Professor Mark Squillace, who specializes in environmental, natural resources and water law at  the University of Colorado Law School, agreed in a September interview that governor-attorney  general rifts occur with some regularity.

“It’s certainly not unusual, but it is problematic that the attorney general is an elected official and happens to be from a different party than the governor and this creates this sort of internal conflict within the state, where the governor seems to be inclined to support what’s happening at the federal level with regulating greenhouse gases and the attorney general does not,” Squillace said, adding there is a cost associated with such lawsuits.

“This litigation is not being done for free, and if Colorado is joining, they’re going to be part of the lawyer’s fees that are going to be involved in handling this case,” Squillace said. “It shows the political nature of the debate though. It’s hard not to think that there wouldn’t be a kind of political outcome in the Supreme Court.”

Last year the U.S. Supreme Court ruled 7-2 that the EPA can regulate greenhouse gas emissions from sources such as power plants, and in 2007 the high court ruled 5-4 that the EPA should have regulated new car emissions to curtail greenhouse gas emissions.

In Colorado, former state attorney general Ken Salazar, who later served in the U.S. Senate and as the secretary of Interior in the Obama administration, argued that the AG must first and foremost serve as the lawyer for the executive branch.

“The only exception for the attorney general to take a position adverse to the governor is where  the governor has taken a clearly unlawful position, and then only when certain traditional protocols are followed,” Salazar said in statement late last month. “Here no such argument can be made against the Gov.
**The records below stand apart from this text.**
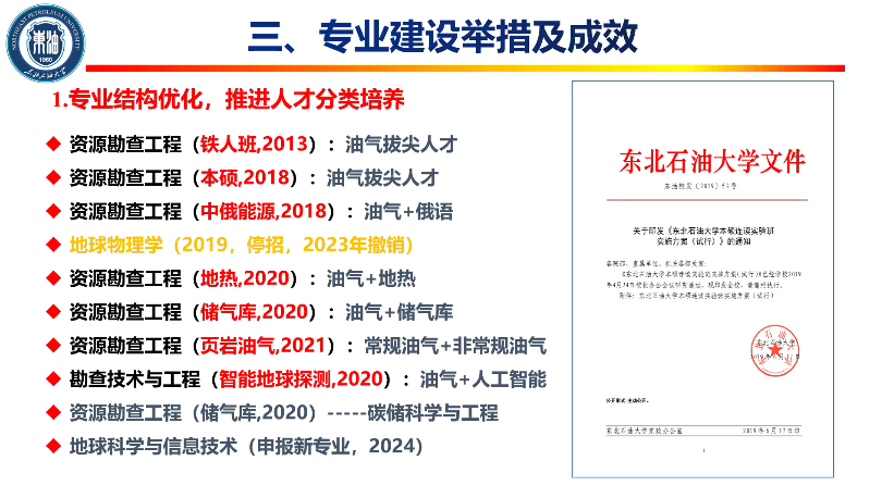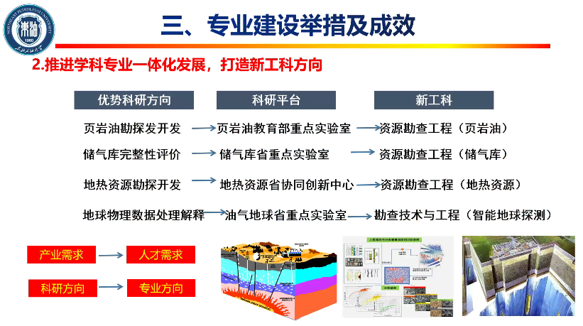 2023年9月28日,资源勘查工程专业教育部虚拟教研室举办了一流专业建设专题论坛。东北石油大学地球科学学院副院长朱焕来副教授作“一流专业建设探索及实践”专题报告,东北大学资源与土木工程学院地质系主任陈家富教授作“激发资源勘查工程专业学习兴趣的探索与实践”专题报告。报告会由永利yl23411集团院长刘华教授和副院长张宪国教授主持。
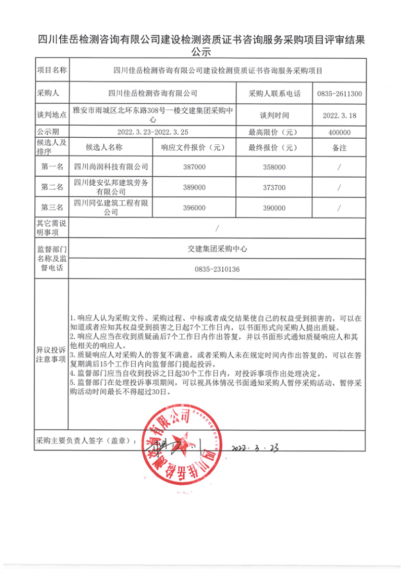 四川佳岳检测咨询有限公司建设检测资质证书咨询服务采购项目评审结果公示
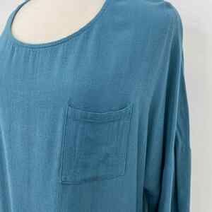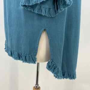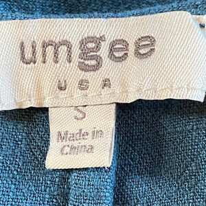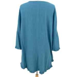 Umgee Blouse Womens Small Blue Linen Cotton Raw Edge Hem Ladies Tunic Top Hi Low
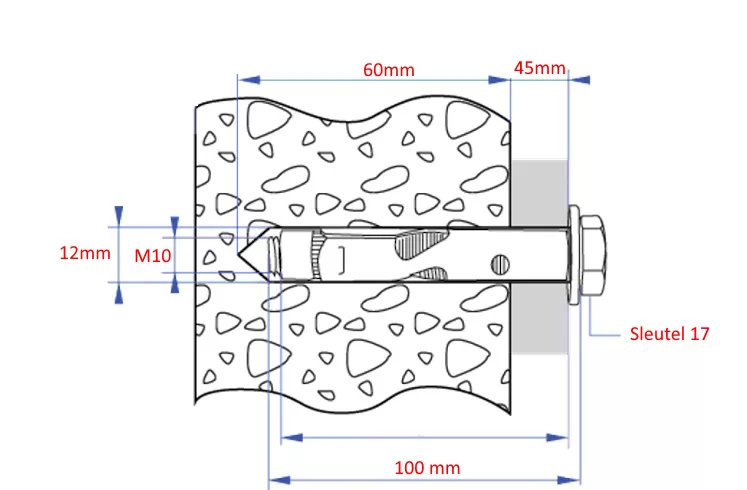 Dit doorsteekanker / Hulsanker / Keilbout met schroef en zeskantige kop is ideaal voor het bevestigen van houten balken tegen betonnen of stenen gevels.
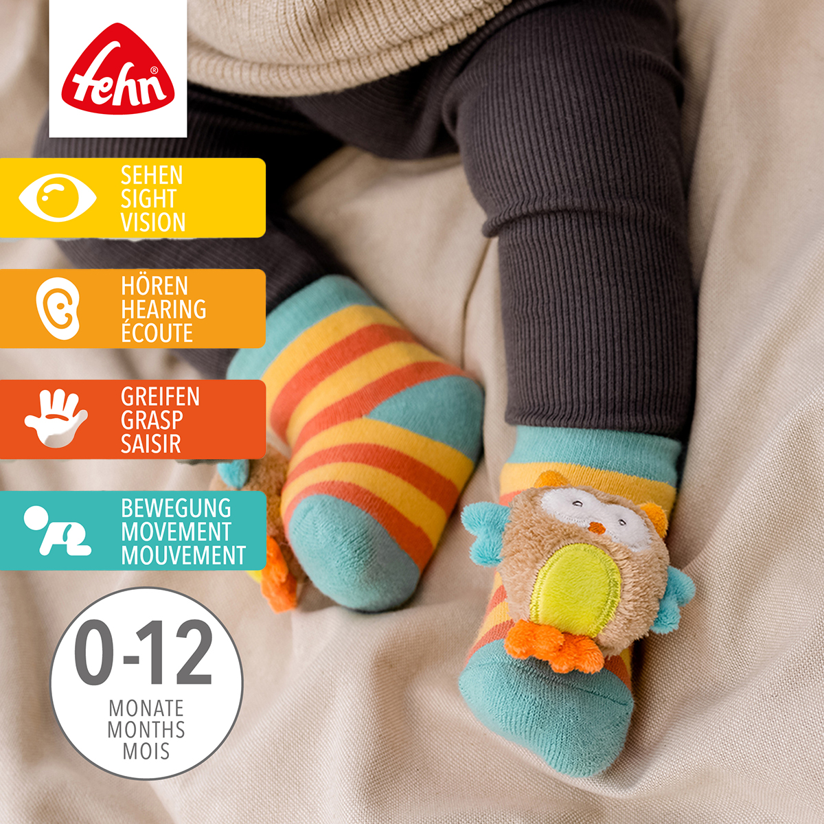 Le grand rasselsöckchen laissa les coeurs de bébé battre plus vite. Les matières douces réchauffent la peau de bébé et fournissent une chaleur agréable. Les hiboux claquent en faisant des bêtises et encouragent votre bébé à garder ses pieds en mouvement.
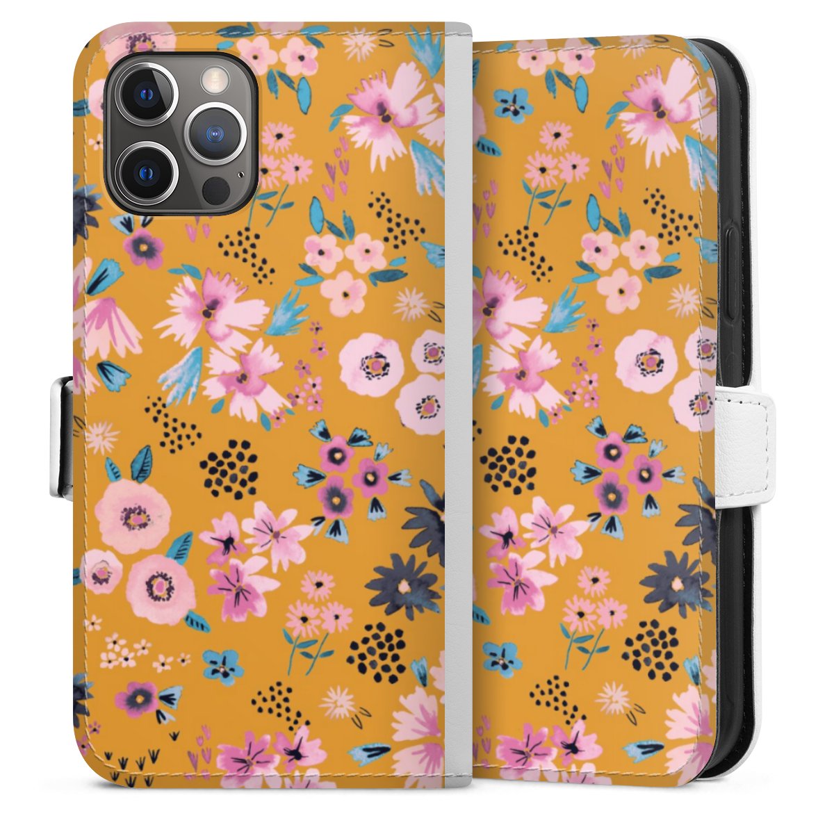 For our Sideflip Case we are using our advanced direct printing technology. The back and frontside are fully printabale, the inside of the phone bag is left unprinted. You can order the phone case without print, printed completely or also with a partial print.
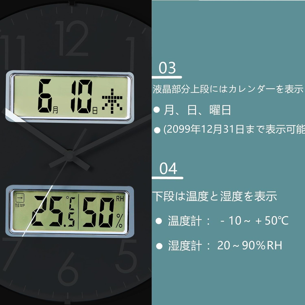 機能:電波受信機能(自動受信、手動受信)、ステップ秒針、夜間秒針停止機能(午後10時~午前6時)、カレンダー表示、温度表示、湿度表示ル
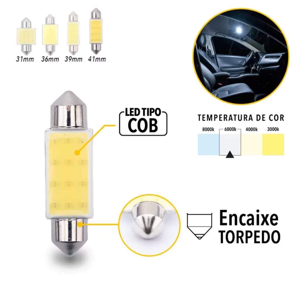 Par de Lâmpadas LED Torpedo SJ-COB-12C-41MM 12v 6000k Tarponn - TP-5034
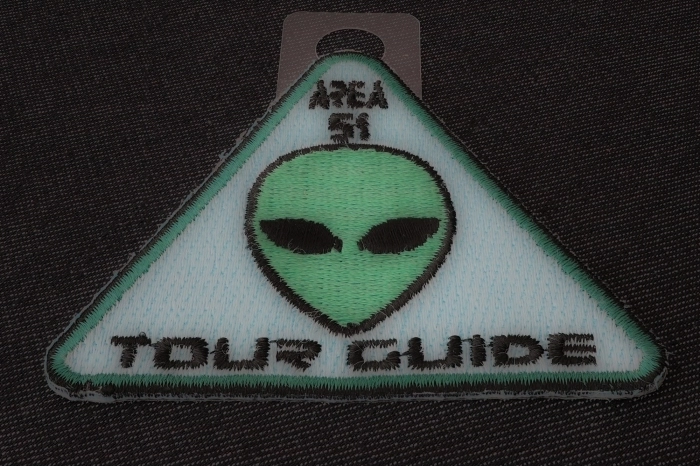 - Area 51 Tour Guide Funny Iron on Patch Alien Head
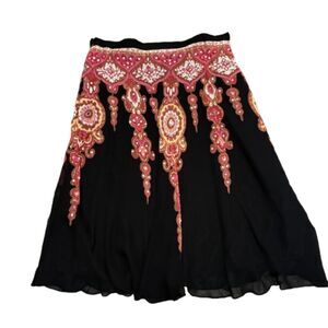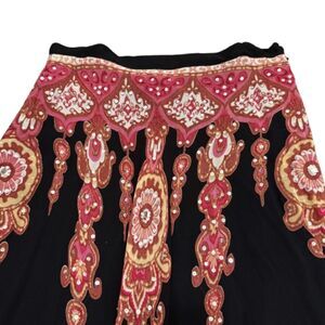 Angie Embellished Bohemian Hippie Flare Skirt Black Red Pink Rayon Size Small
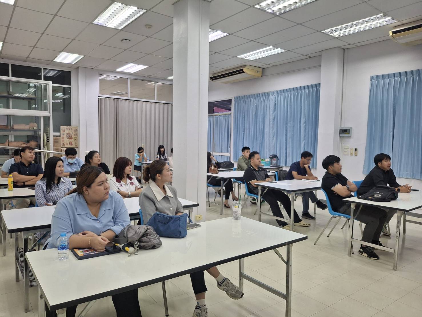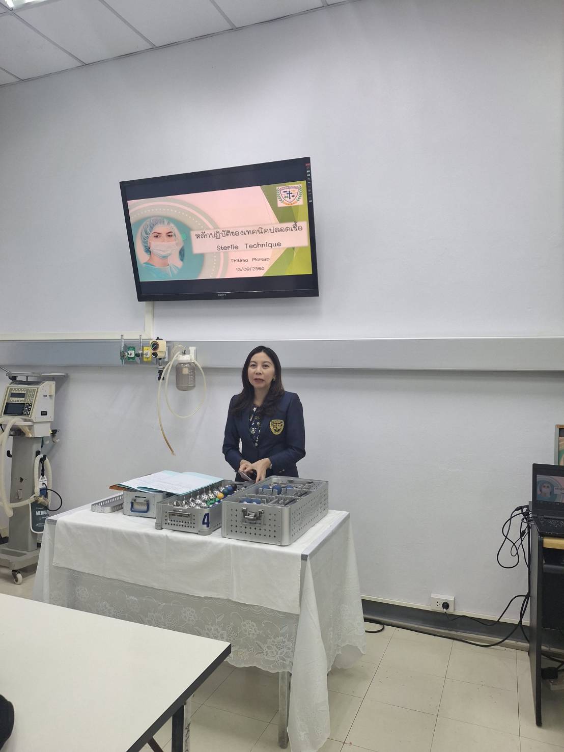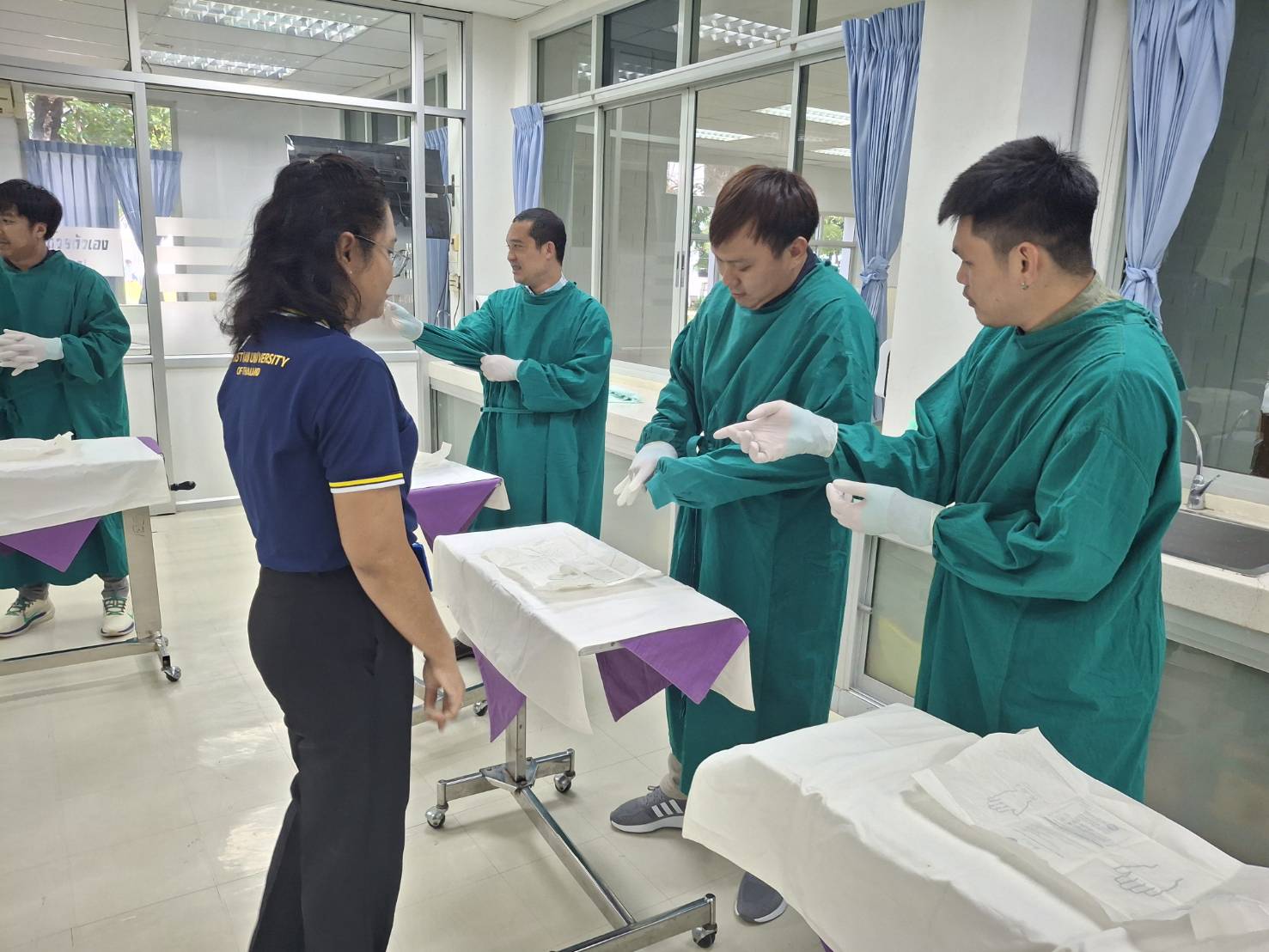 เมื่อวันเสาร์ที่ 13 กันยายน พ.ศ. 2568 คณะพยาบาลศาสตร์ร่วมกับฝ่ายบริหารงานทั่วไปได้จัดโครงการอบรมเชิงปฏิบัติการเรื่อง “สเตอร์ไรล์เทคนิคเพื่อเพิ่มความรู้และสมรรถนะของบุคลากรในสถานประกอบการ” (Operation Theatre Sterilization Technique Basic Course) โดยมีวัตถุประสงค์เพื่อพัฒนาทักษะ และความรู้ด้าน Sterile technique งานห้องผ่าตัดขั้นพื้นฐานแก่บุคลากรของบริษัทเครื่องมือแพทย์ โดยมีผู้เข้าร่วมโครงการฯ ทั้งสิ้น จำนวน 16 คน จากบริษัท เมดิคอล ครีเอชั่น จำกัด (สำนักงานใหญ่) จำนวน 13 คน บริษัท ดิจิทัล ออร์โธปิดิกส์ โซลูชัน จำกัด จำนวน 2 คน และบริษัท ไทย โอลบา เฮลท์แคร์ จำกัด (สำนักงานใหญ่) จำนวน 1 คน โดยมี ผศ.ดร.เนตรชนก ศรีทุมมา คณบดีคณะพยาบาลศาสตร์ กล่าวเปิดโครงการฯ และผู้เข้าร่วมโครงการได้รับฟังการบรรยาย รวมทั้งฝึกปฏิบัติการเทคนิคปลอดเชื้อในห้องผ่าตัดจากอาจารย์พยาบาลและพยาบาลผู้มีประสบการณ์ร่วมเป็นวิทยากร จำนวน 4 ท่าน
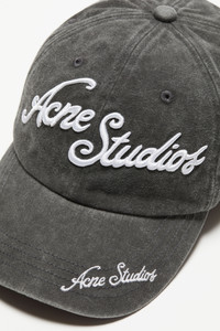 Baseball cap features a seasonal Acne Studios 3-D embroidered logo, crafted from washed twill cotton and detailed with an adjustable D-ring. - Six-panelled - Curved brim - Embroidered logo - Adjustable D-ring closure - Style ID: FN-UX-HATS000240 - Made from organically grown cotton. - Shell: 100% Cotton, Lining: 100% Cotton
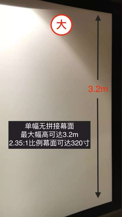 大尺寸:单幅无拼接幕面,最大幅高可达3.2m,2.35:1比例尺寸可达320寸;
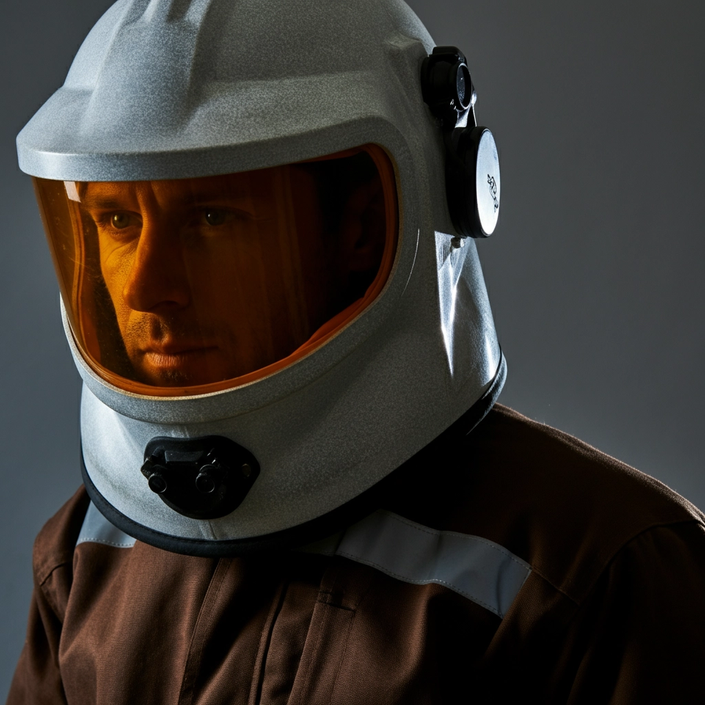 Close-up of protective clothing for an offshore oil platform. The background is a simple gray, creating a minimalist atmosphere. The clothing should be clearly visible in the foreground, capturing the strong grip of the jacket. he should be wearing a brown jacket. The lighting is bright and natural, with a light, minimalist background. The composition is well framed, focusing entirely on the model, evoking a sense of mystery and intensity.
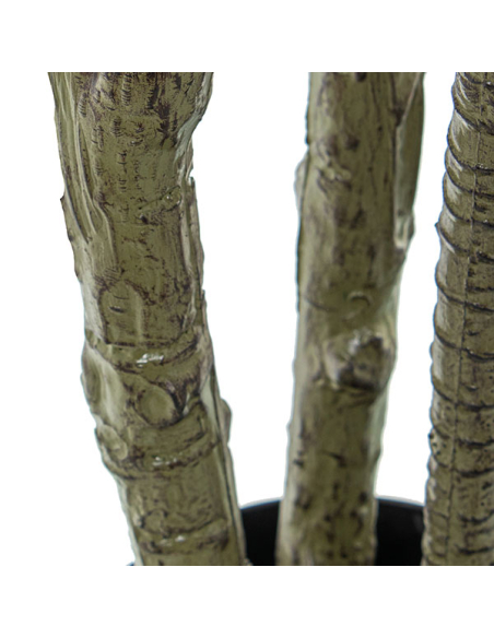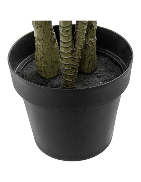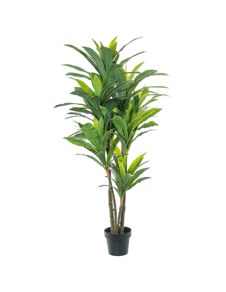 Planta artificial dracaena 160cm, tiene tres secciones texturadas, cada una coronada por un ramillete de hojas en distintas tonalidades de verde. Esta planta añade un toque de frescura y elegancia a cualquier espacio interior, sin los cuidados que requieren las plantas naturales. Se presenta en una maceta cilíndrica de color negro, que realza su diseño estilizado y moderno.
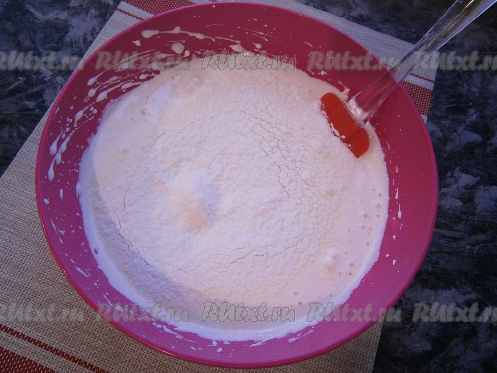 В итоге у вас должно получиться очень воздушное, нежное, однородное тесто, по консистенции похожее на крем (или сметану).
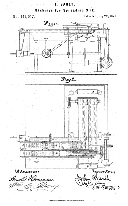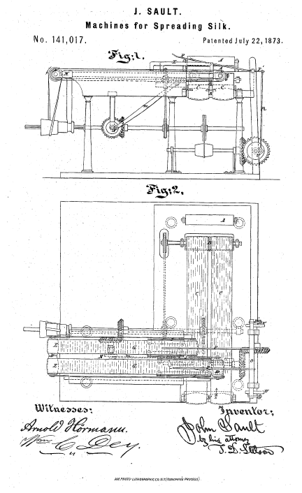 Machines for Spreading Silk, US00141017, Sault, J., July 22, 1873, 3 pages. Posted January 17, 2005. SAMPLE PAGE. File size 568 KB PDF
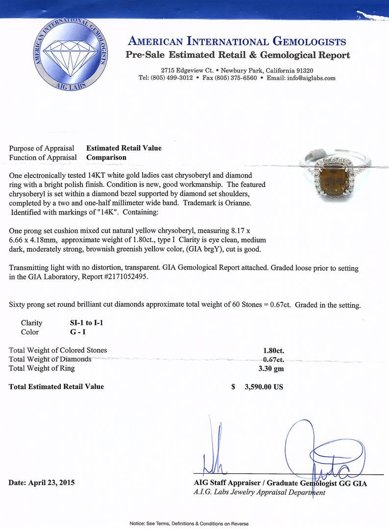 One electronically tested 14KT white gold ladies cast chrysoberyl and diamond ring with a bright polish finish. The featured chrysoberyl is set within a diamond bezel supported by diamond set shoulders, completed by a two and one-half millimeter wide band. Trademark is Orianne. Identified with markings of "14K". Condition is new, good workmanship. Containing: One prong set cushion mixed cut natural yellow chrysoberyl, measuring 8.17 x 6.66 x 4.18mm, approximate weight of 1.80ct., type I Clarity is eye clean, medium dark, moderately strong, brownish greenish yellow color, (GIA brgY), cut is good.Transmitting light with no distortion, transparent. GIA Gemological Report attached. Graded loose prior to setting in the GIA Laboratory, Report #2171052495.Sixty prong set round brilliant cut diamonds approximate. Total Weight of 60 Stones = 0.67ct. Graded in the setting. Clarity: SI-1 to I-1. Color: G - I. Total Weight of Colored Stones 1.80ct. Total Weight of Diamonds 0.67ct. AIG Appraised at $3,590.00.

Hickenlooper’s position concerning the Clean Power Rule. Hence, in my view Attorney General Coffman’s actions exceed her authority as attorney general.”

However, some political observers note that Salazar, a Democrat, went against the wishes of Gov. Bill Owens, a Republican, in challenging a redistricting case in 2003, and that another Colorado attorney general, Republican Ken Suthers, went against both Democratic former Gov. Bill Ritter and Hickenlooper over various issues, although they never tried to block his actions.